Where the data below shows a picture, leave that picture out and copy the rest exactly.

The data:

——————————

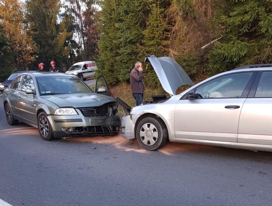 Na miejsce przyjechali strażacy, którzy zajęli się neutralizacją płynów, jakie wyciekły z aut. Szczegóły wypadku wyjaśnia policja.
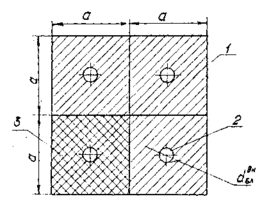 1- блок графитовой кладки; 2 – осевое отверстие для ТВС; 3 – площадь ячейки.
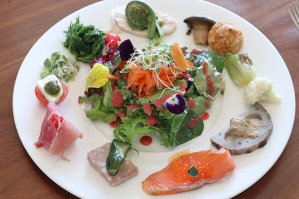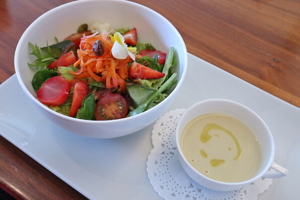 クラブエリーからの帰り道、しばし野菜たっぷりのお昼をいただいて、午後の仕事に備えようではないの。

——————————

Exercise result:
 Na miejsce przyjechali strażacy, którzy zajęli się neutralizacją płynów, jakie wyciekły z aut. Szczegóły wypadku wyjaśnia policja.
 1- блок графитовой кладки; 2 – осевое отверстие для ТВС; 3 – площадь ячейки.
 クラブエリーからの帰り道、しばし野菜たっぷりのお昼をいただいて、午後の仕事に備えようではないの。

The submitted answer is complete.